DATASET CONTENT:
*** Block opens ***
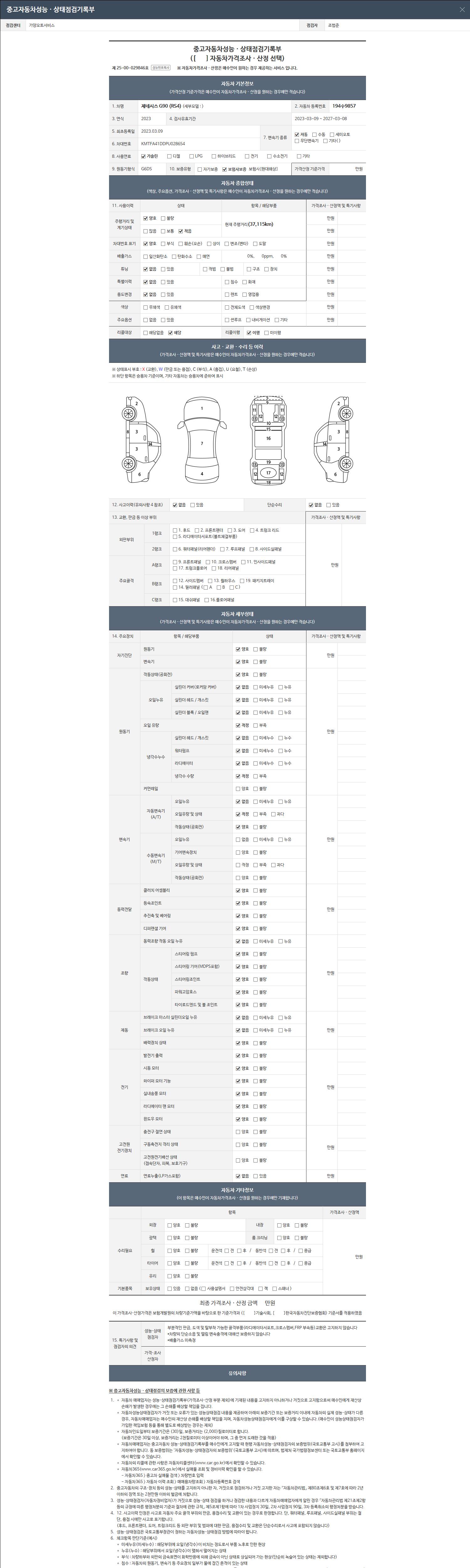 | 주행거리 | 37,115 km | 차량번호 | 194수9857 | 사고유무 | 성능기록부 참조 | 제시번호 | 제 2026037761 호 |
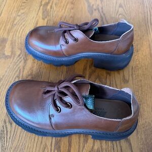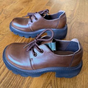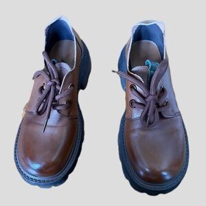 Brown Modern Chunky Platform Oxford Shoes US 6.5–7 New
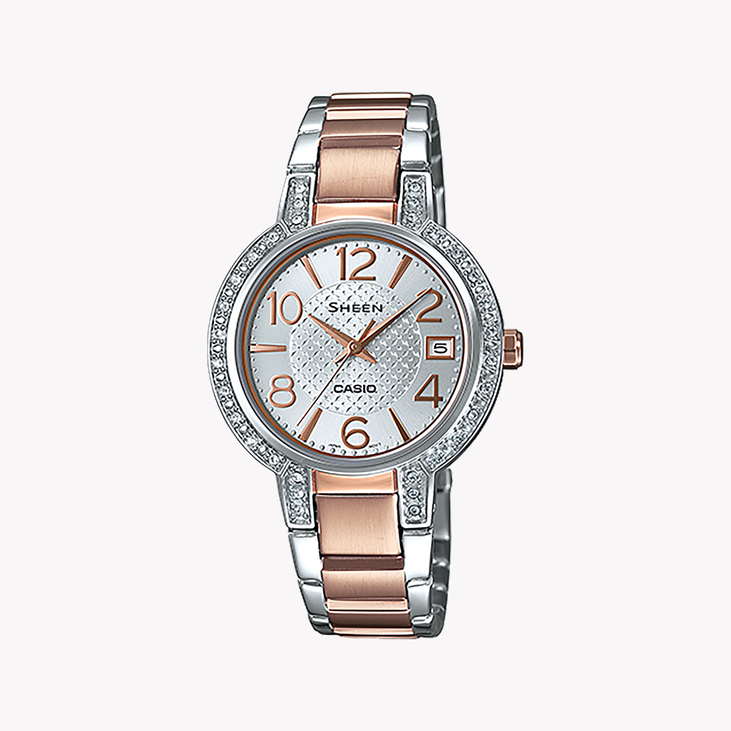 Casio She-4804sg-7audr Elegant Sporty Timepiece - Swarovski Accents & Rose Gold Band Women's Watch
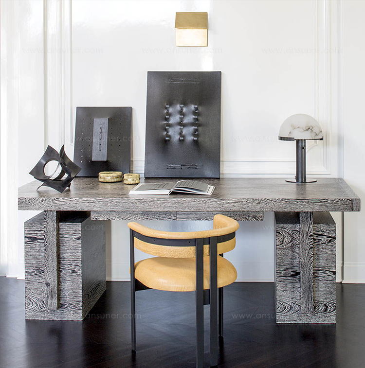 优雅的Elevado书桌具有简约的建筑轮廓,采用我们的标志性象牙色和拉丝Wenge饰面。 宽敞的桌面位于Wenge纹理框架下方,有一对精致的亚麻衬里抽屉,配有铅笔托盘细节和木质滑动装置。
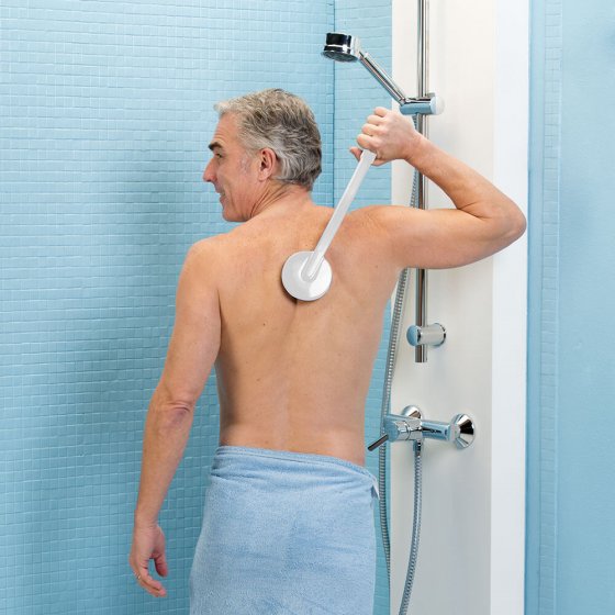 De praktische crème-applicator is gemakkelijk te vullen met uw favoriete verzorgingsproduct en u kunt crème op uw rug of schouders aanbrengen zonder enige hulp van anderen. De zachte massagerollers geven een aangenaam tintelend gevoel. De licht gebogen handgreep maakt de toepassing bijzonder comfortabel. Stevig ontwerp. Materiaal: kunststof, afmetingen (l): 45 cm.
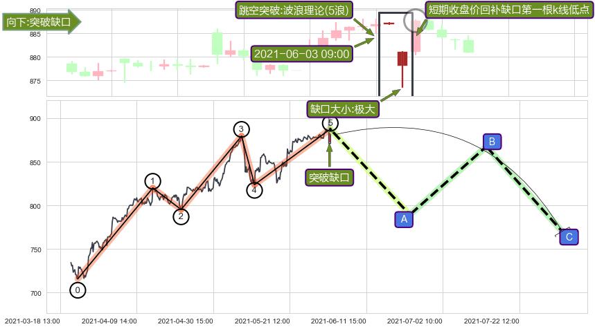 ➣ 突破缺口形成后,后续k不足7根,跳空突破波浪理论(5浪)关键点后, 出现【完全回踩】迹象,短期收盘价回补缺口第一根k线低点
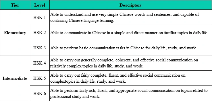 Proficiency Descriptors for the New HSK (Levels 1-6)
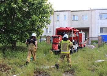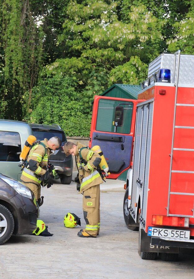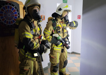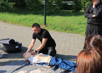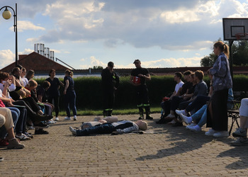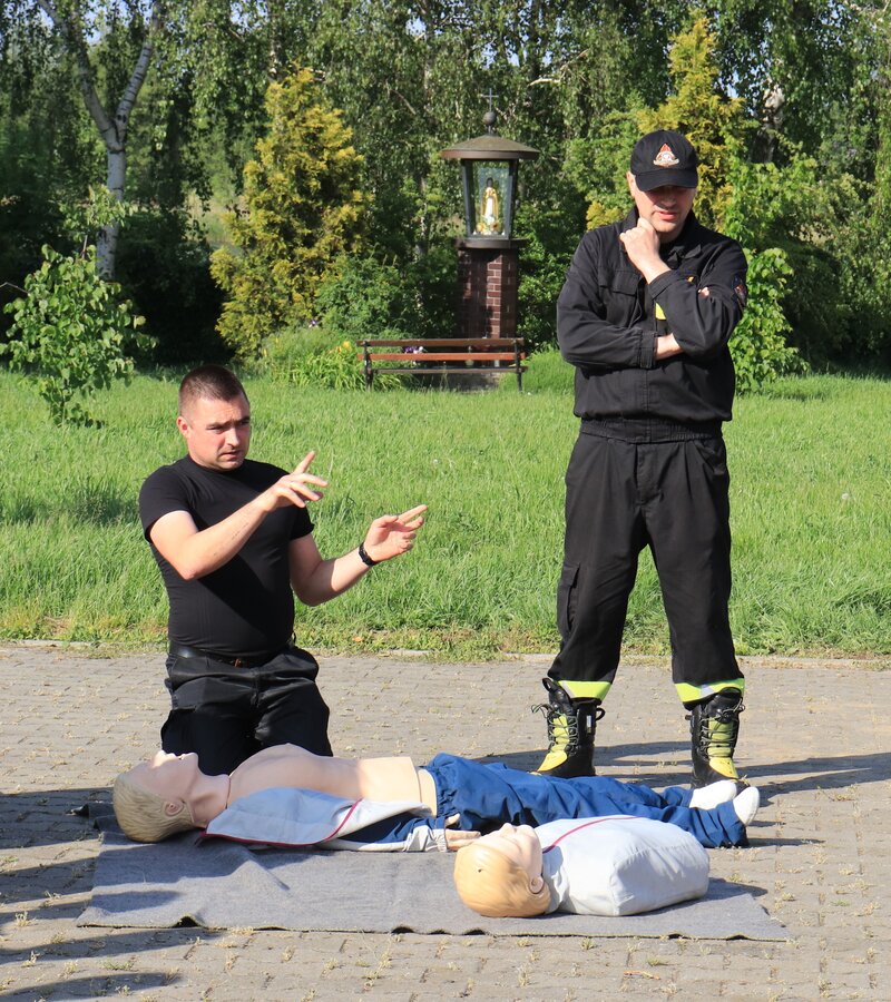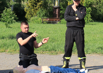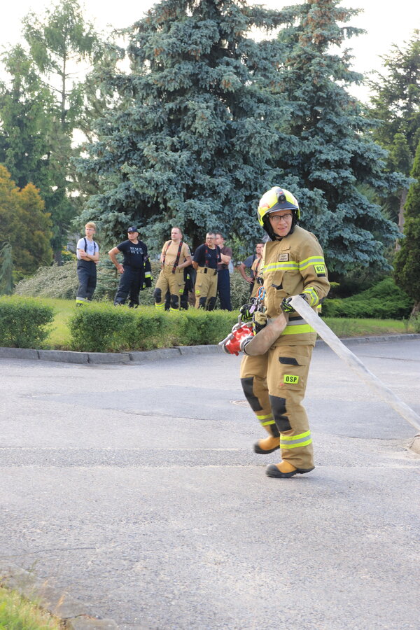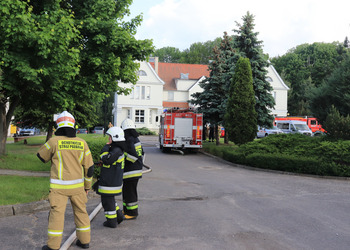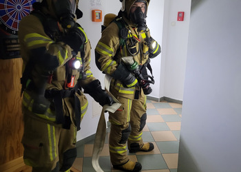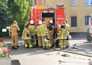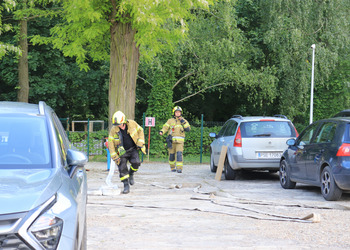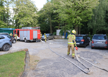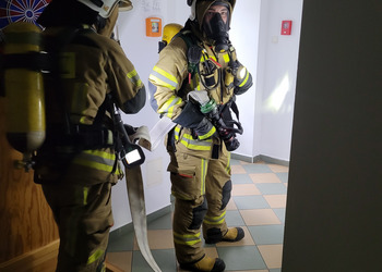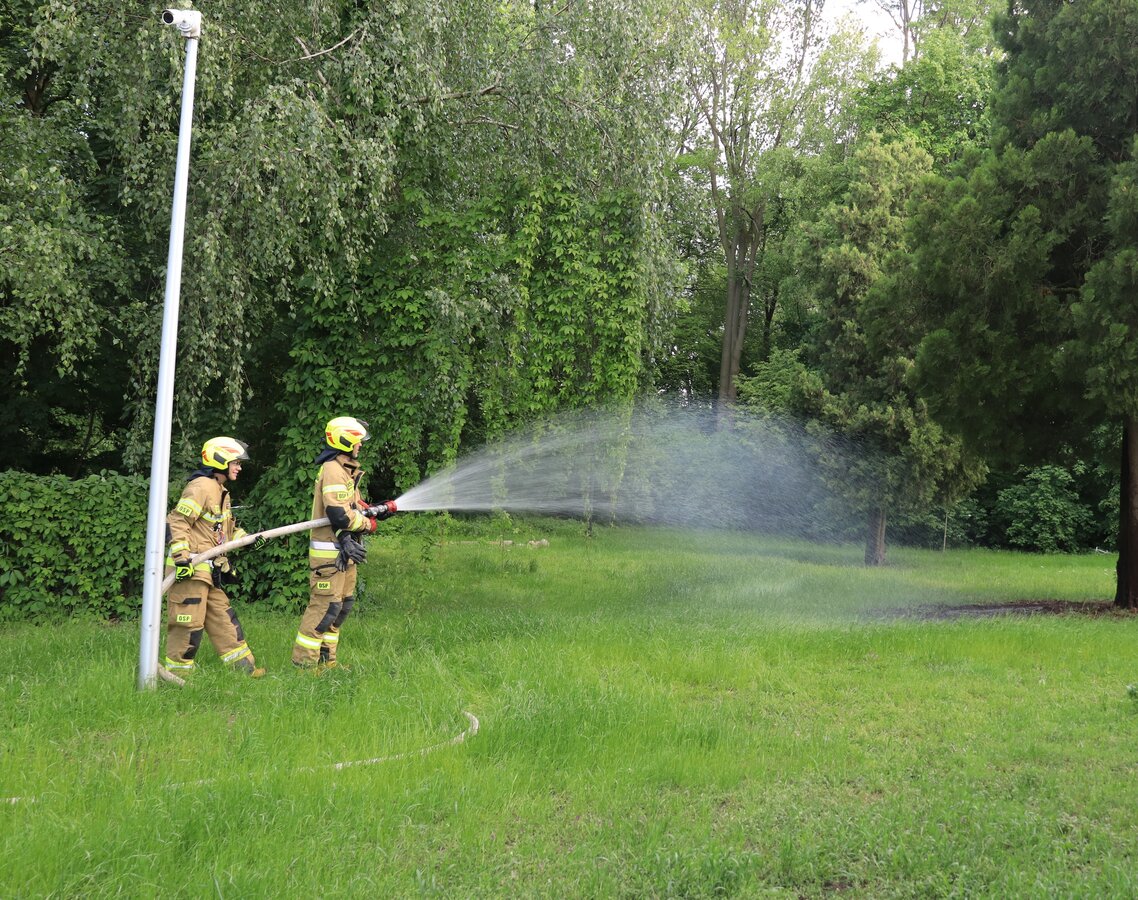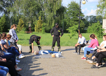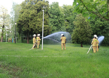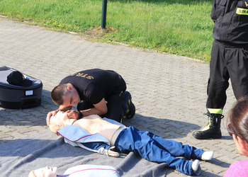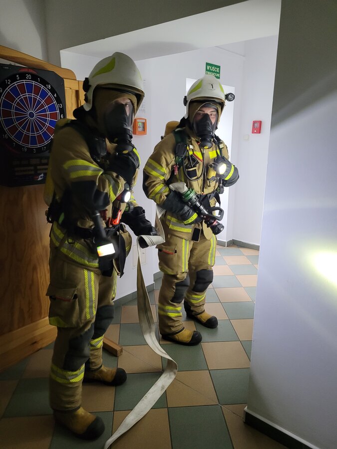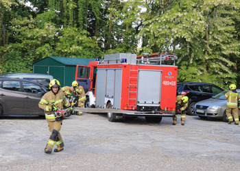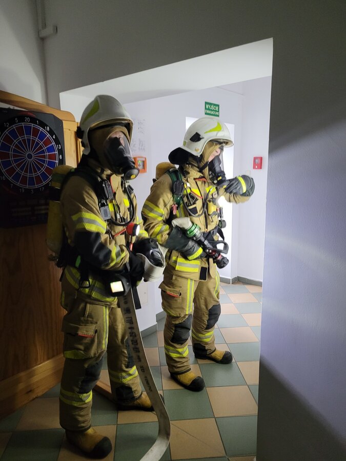 Po zakończonej ewakuacji strażacy zaznajomili się z obiektem, a następnie przeprowadzili szkolenie z udzielania pierwszej pomocy dla pracowników z wykorzystaniem defibrylatora AED. Ponadto w ramach ćwiczeń, zasymulowali akcję gaśniczą budynku administracji.
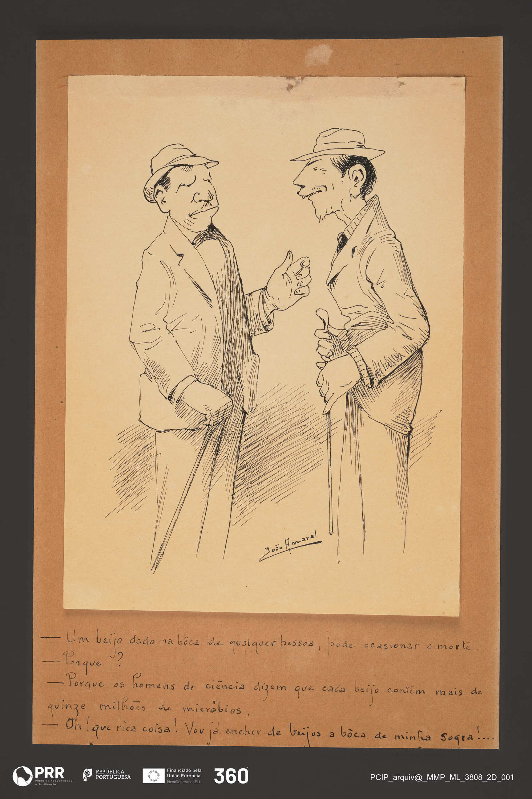 Matéria/Técnica: Desenho à pena; Cronologia: Século XX; Autoria: Amaral, João (1874 - 1955); Dimensões (cm): Altura: 23 (desenho), 30,5 (suporte) x Largura: 17 (desenho), 20 (suporte).
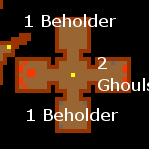 The cave is divided in four rooms with a total of two Bonelords and one Ghoul. In the northern room there is also a hidden pick hole which leads to nothing but some squares in between two barriers.
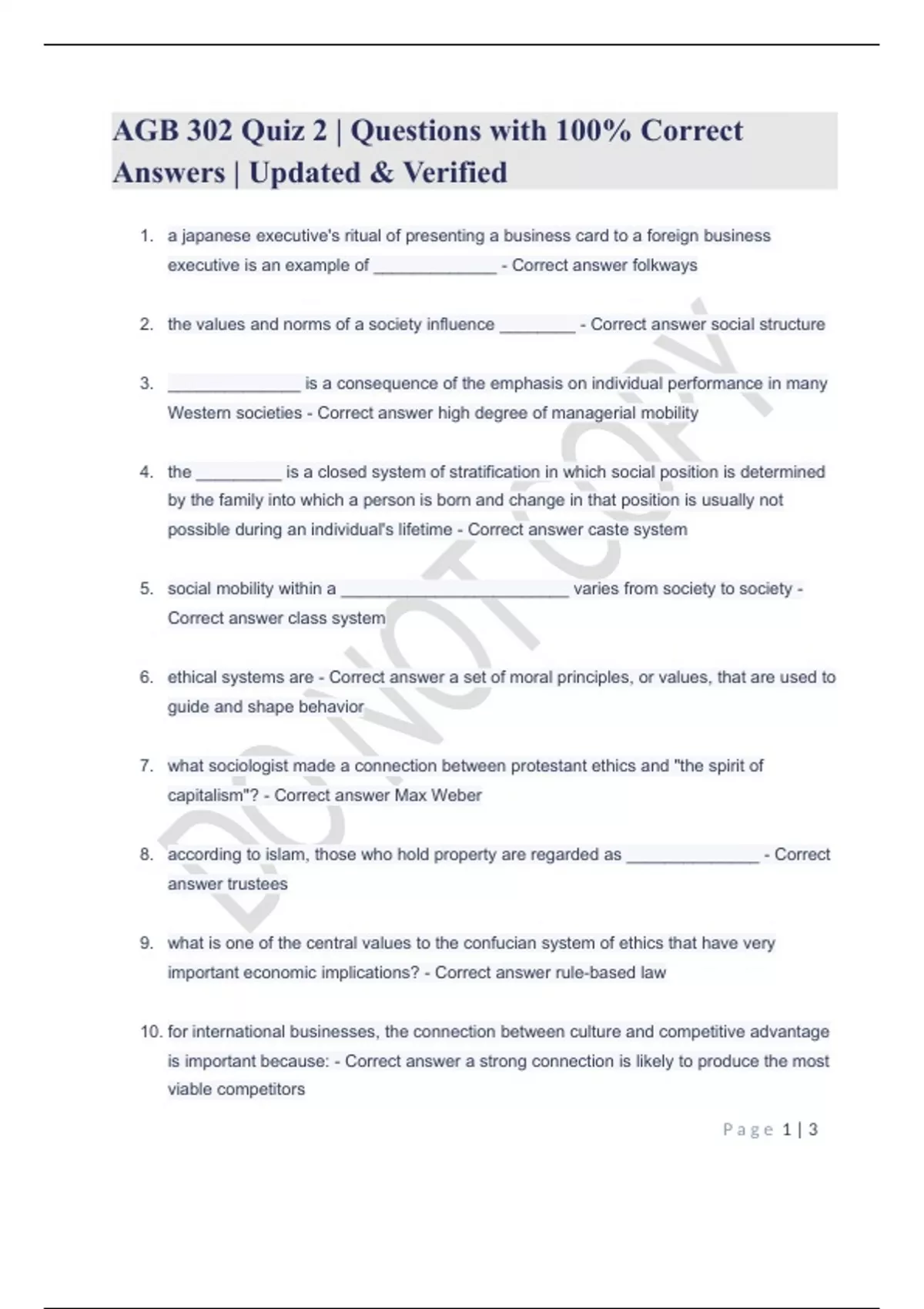 AGB 302 Quiz 2 | Questions with 100% Correct Answers | Updated & Verified
*** Block closes ***
WHAT IS NEEDED: Can you repeat every record above exactly, apart from the pictures?

REPLY TO THE EXERCISE:
 | 주행거리 | 37,115 km | 차량번호 | 194수9857 | 사고유무 | 성능기록부 참조 | 제시번호 | 제 2026037761 호 |
 Brown Modern Chunky Platform Oxford Shoes US 6.5–7 New
 Casio She-4804sg-7audr Elegant Sporty Timepiece - Swarovski Accents & Rose Gold Band Women's Watch
 优雅的Elevado书桌具有简约的建筑轮廓,采用我们的标志性象牙色和拉丝Wenge饰面。 宽敞的桌面位于Wenge纹理框架下方,有一对精致的亚麻衬里抽屉,配有铅笔托盘细节和木质滑动装置。
 De praktische crème-applicator is gemakkelijk te vullen met uw favoriete verzorgingsproduct en u kunt crème op uw rug of schouders aanbrengen zonder enige hulp van anderen. De zachte massagerollers geven een aangenaam tintelend gevoel. De licht gebogen handgreep maakt de toepassing bijzonder comfortabel. Stevig ontwerp. Materiaal: kunststof, afmetingen (l): 45 cm.
 ➣ 突破缺口形成后,后续k不足7根,跳空突破波浪理论(5浪)关键点后, 出现【完全回踩】迹象,短期收盘价回补缺口第一根k线低点
 Proficiency Descriptors for the New HSK (Levels 1-6)
 Po zakończonej ewakuacji strażacy zaznajomili się z obiektem, a następnie przeprowadzili szkolenie z udzielania pierwszej pomocy dla pracowników z wykorzystaniem defibrylatora AED. Ponadto w ramach ćwiczeń, zasymulowali akcję gaśniczą budynku administracji.
 Matéria/Técnica: Desenho à pena; Cronologia: Século XX; Autoria: Amaral, João (1874 - 1955); Dimensões (cm): Altura: 23 (desenho), 30,5 (suporte) x Largura: 17 (desenho), 20 (suporte).
 The cave is divided in four rooms with a total of two Bonelords and one Ghoul. In the northern room there is also a hidden pick hole which leads to nothing but some squares in between two barriers.
 AGB 302 Quiz 2 | Questions with 100% Correct Answers | Updated & Verified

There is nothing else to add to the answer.